Michelle's "Five Stages of Word Import" Survival Guide

A great thing about the Atlassian Community: we are not alone in our struggles. 

I'd developed some "personal coping mechanisms" for using the Import Word Document feature in Confluence. When I joined the Atlassian Community, I learned that others had the same struggles, some on a much larger scale. So I'm sharing my personal "import survival guide," which has helped me move through the "denial" and "anger" stages of import to the more useful "bargaining" stage, even if I never make it all the way to full "acceptance." 
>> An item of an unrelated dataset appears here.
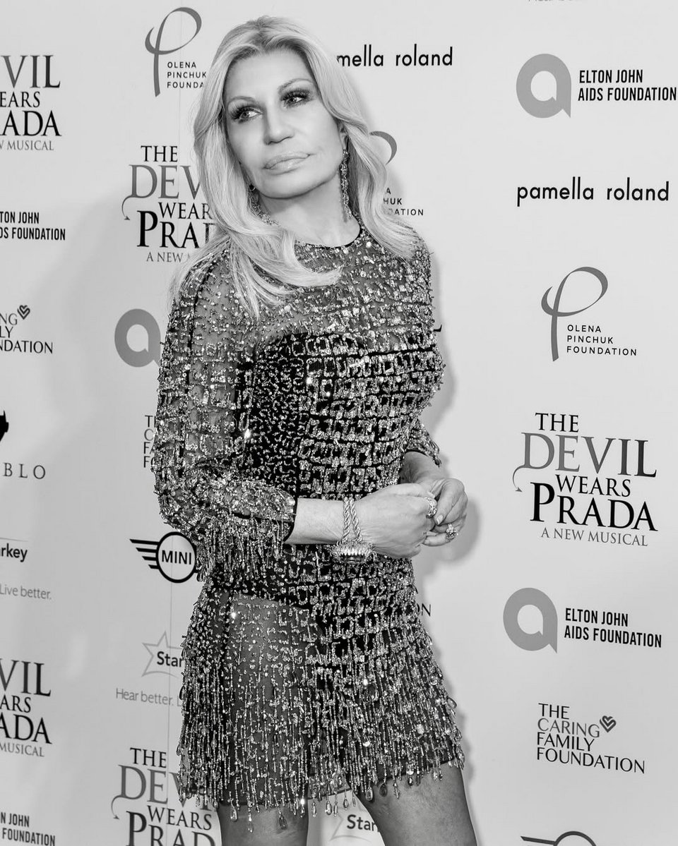 Η 69χρονη Donatella βρέθηκε στο πλευρό του φίλου της σερ Έλτον Τζον, ο οποίος έγραψε τη μουσική για τη θεατρική παράσταση, η οποία επικεντρώνεται στην ομώνυμη κωμωδία του 2006 με πρωταγωνίστριες την Αν Χάθαγουεϊ και τη Μέριλ Στριπ.

I don't have all the answers here. My way of "getting closure" is to concede that text-heavy content with simple images and formatting is the best match to the import tool's modest capabilities. Until something changes, having realistic expectations of the tool and taking some steps to prep documents increases my chances of getting a significant head start on building new pages. (It lowers my blood pressure too.)

Denial

I hadn't encountered any issues with importing Word documents until I helped a developer import a particularly stubborn one. My eyes were opened: Word import is both convenient AND confusing. I had to weigh the benefits of instant import against the need to clean up the new pages. Was it worth it? I investigated.

Anger

I experienced the same confusion and frustration as other users, though on a smaller scale. My opinion: we've been spoiled by Word's very robust formatting capabilities and our expectations are high. However, the importer's capabilities are very modest (and sometimes buggy). That's not a good combination! Since "lowering my expectations" isn't a solution, I investigated to see what I could actually do something about. 

Bargaining

In the "bargaining" stage of Word import, I discovered what risk factors existed and how I could mitigate them. This is the bulk of my survival guide.

General

  • Backup. I always make a backup first.
  • File type. Must be  .doc or .docx saved in MS Word. (Other apps such as LibreOffice may not encode the same)
  • File size. If the Word document is larger than Confluence's attachment size limit, I usually save large images to disk (see next section) then remove them from the Word doc. Other options include splitting the document into multiple documents or increasing the attachment file size limit.
  • Scan. I go through each Word document for problem areas and add text "bookmarks" such as CHECK_THIS or FIX_THIS to mark sections for review after import.

Images

Images get some extra attention, since images larger than 900 x 1200 pixels will stop the import process. Screenshots created on large monitors can easily exceed this limit. As suggested by the error message, one option might be to raise the size limit on imported images.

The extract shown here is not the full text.